**What is expected**
Having located "LISTADO DE INSCRITOS - VII OCTOBER BIKE", write out its line and the remaining lines of the material exactly, the last one included, but not the pictures.

==== Records supplied ====

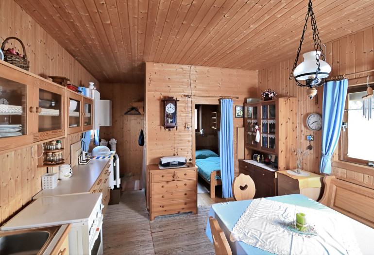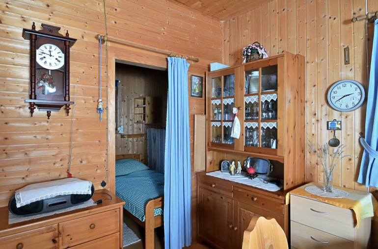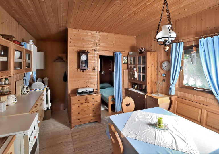 Das Objekt teilt sich auf in Wohnzimmer-/Esszimmer, Schlafzimmer und Badezimmer mit WC. (Separate Gartenhütte mit Campingtoilette.)
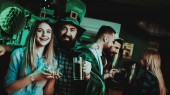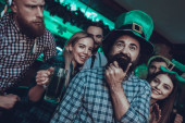 Black Brodaty mężczyzna z firmy. St Patrick's Day. Bar licznika. Obsługa alkoholu. Uśmiechający się nastolatków. Dobry nastrój Świąteczny. Jasne światła. Odwiedzający śmieszne Club. Świętujemy razem. Noc stroną.
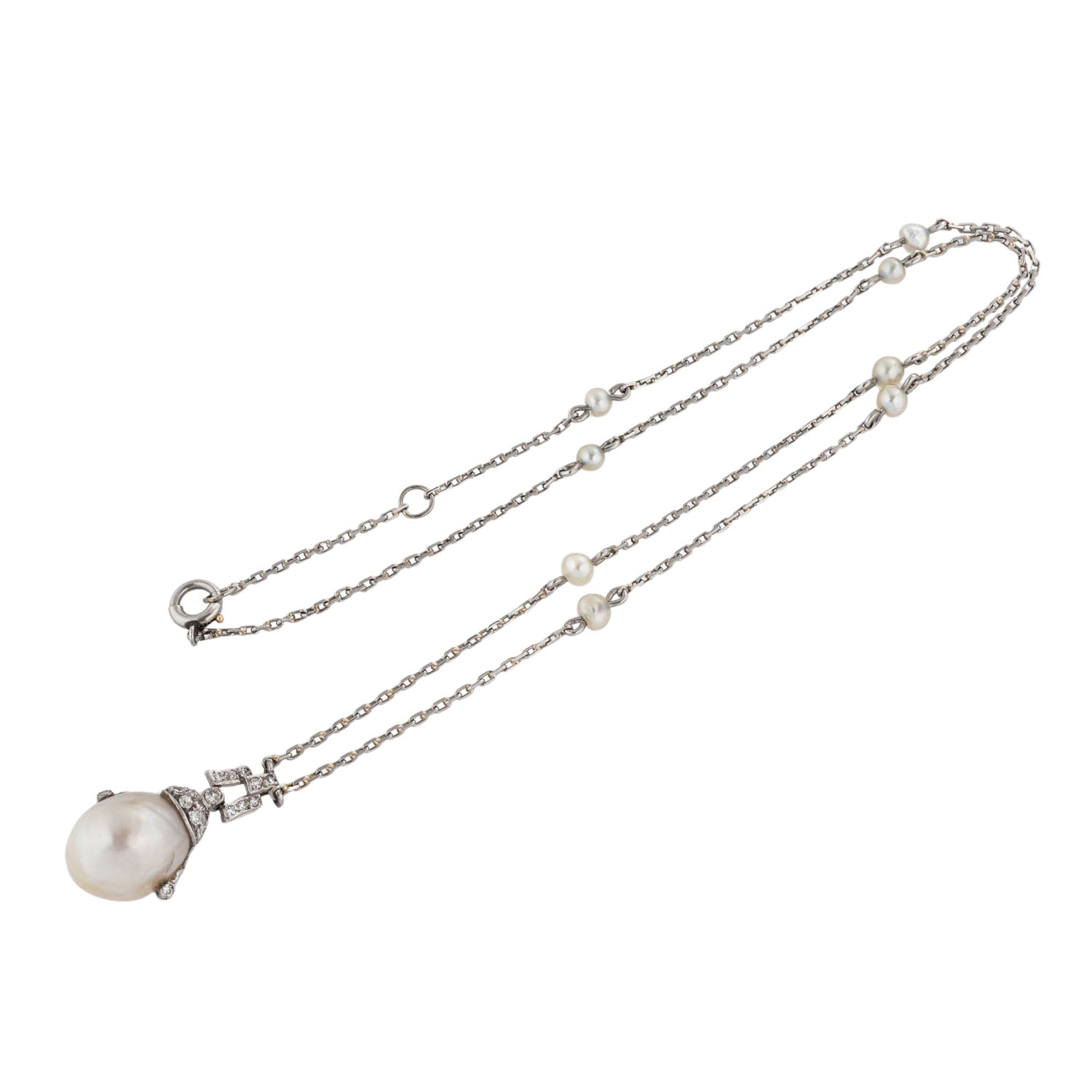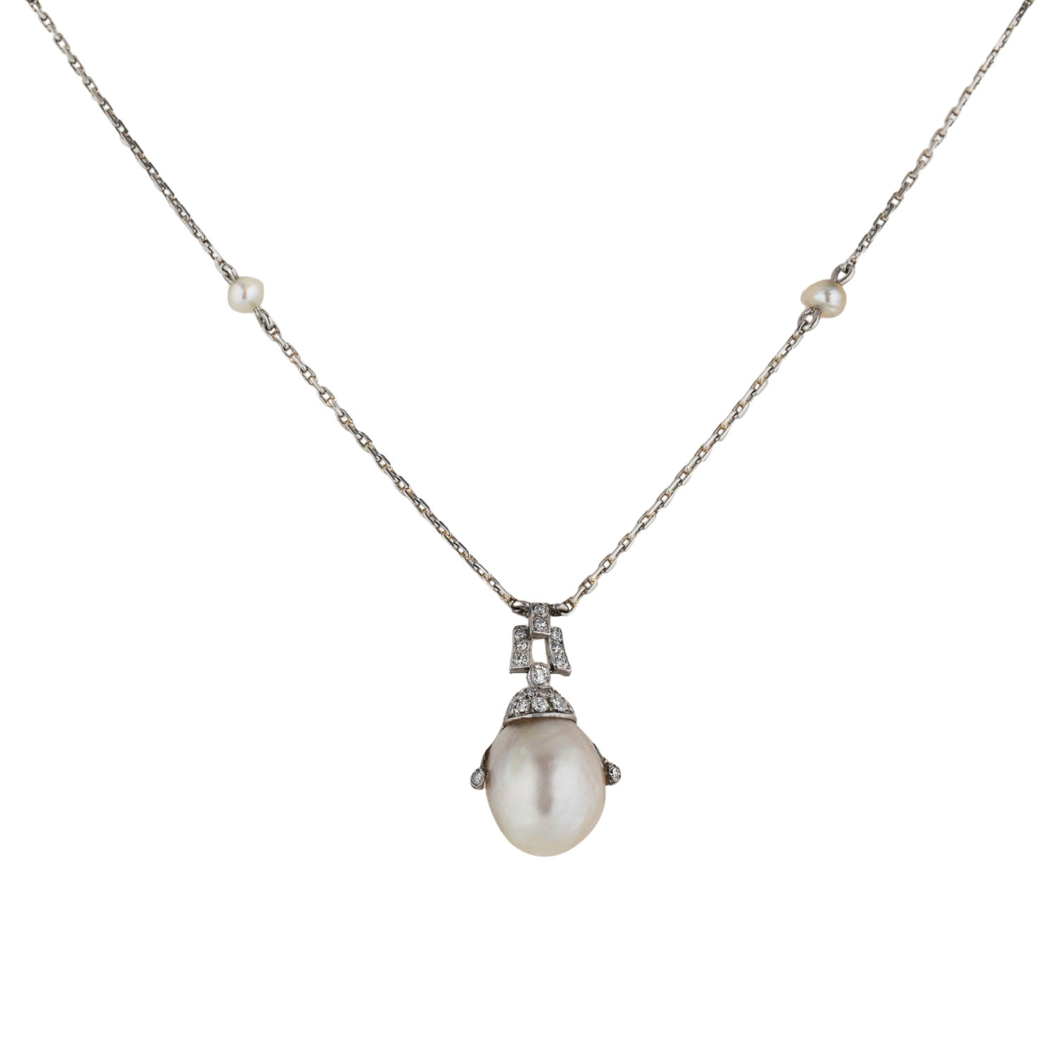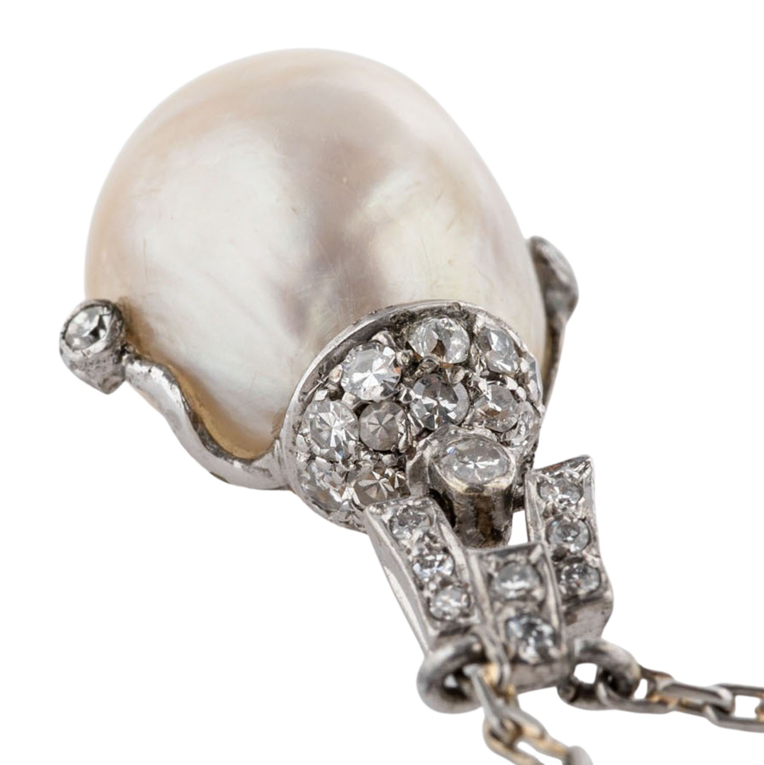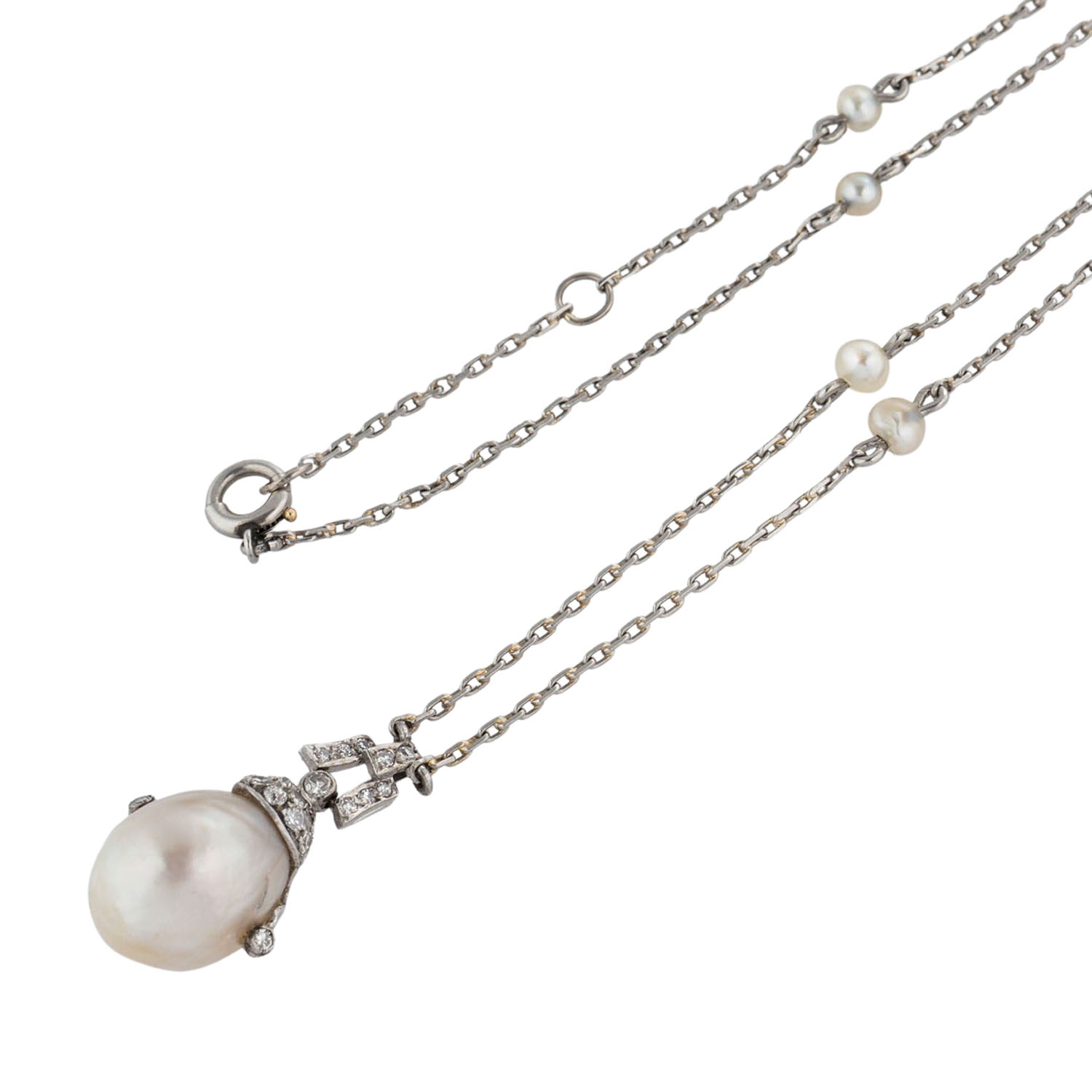 von ca. 9,5 mm Durchmeser sowie kleinen Perlen und kleinen Diamanten von zus. ca. 0,20 ct, verschiedene Qualitäten, Platin, 6,4 g, Kettenlänge 39 cm, 1920er Jahre, sehr guter altersgemäßer Zustand, inkl. DSEF Testbericht zur Perle.
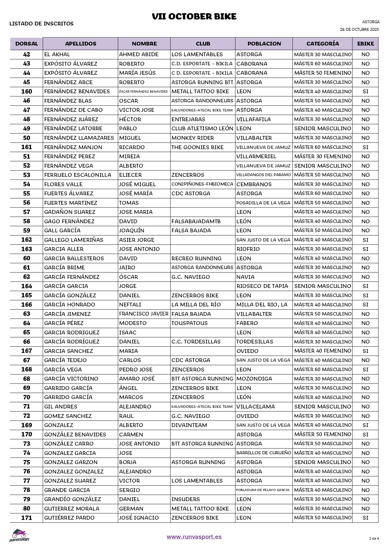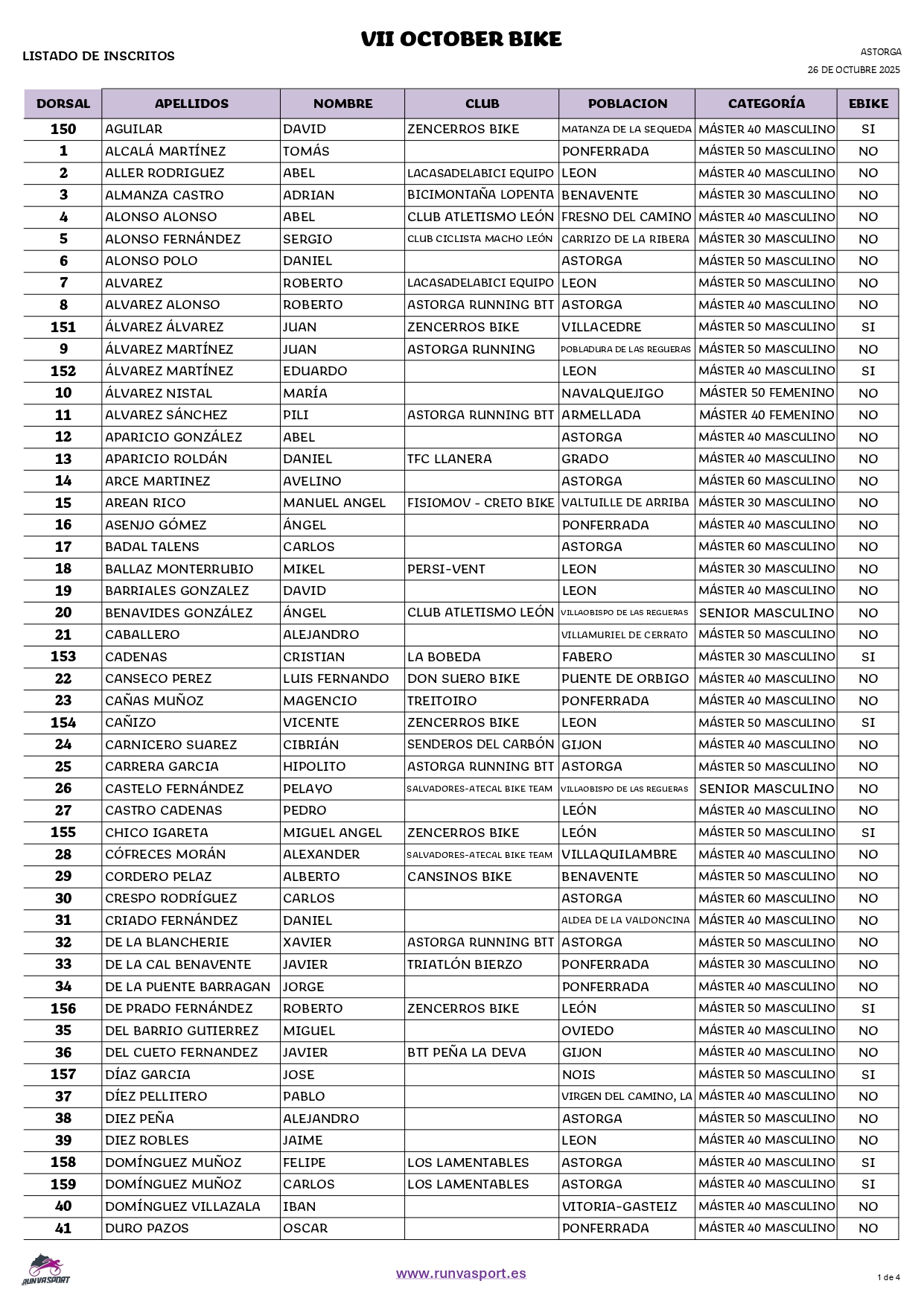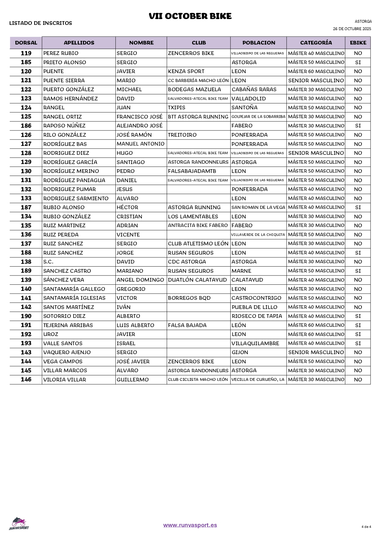 LISTADO DE INSCRITOS - VII OCTOBER BIKE
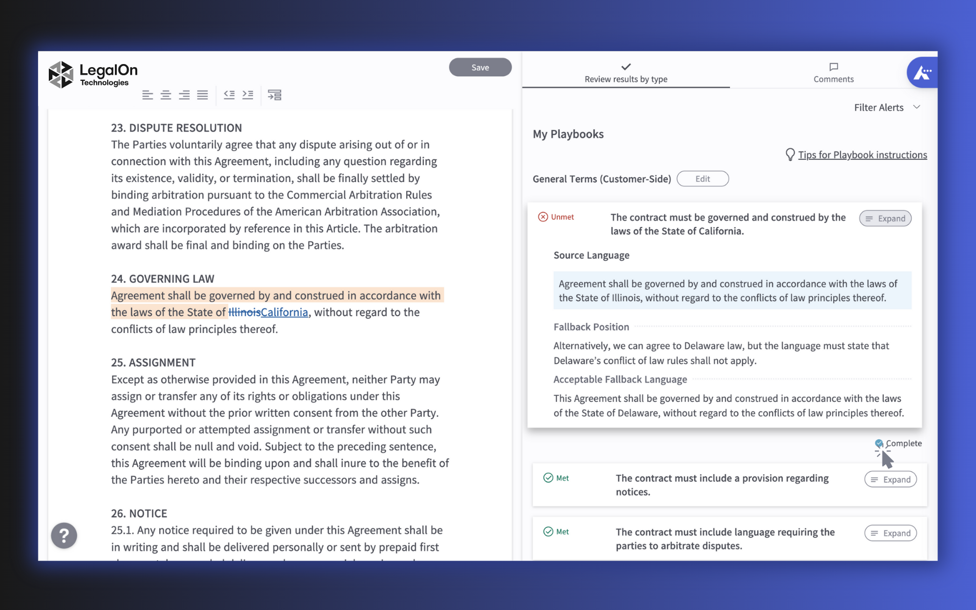 “Legal teams spend countless hours reviewing contracts for the same issues, like indemnification, limits on liability, and payment terms," said Daniel Lewis, Global CEO of LegalOn Technologies. “My Playbooks solves this by automatically spotting problematic terms and revising them. It’s easy to use, and remarkably powerful.”

====

**Problem solution**
 LISTADO DE INSCRITOS - VII OCTOBER BIKE
 “Legal teams spend countless hours reviewing contracts for the same issues, like indemnification, limits on liability, and payment terms," said Daniel Lewis, Global CEO of LegalOn Technologies. “My Playbooks solves this by automatically spotting problematic terms and revising them. It’s easy to use, and remarkably powerful.”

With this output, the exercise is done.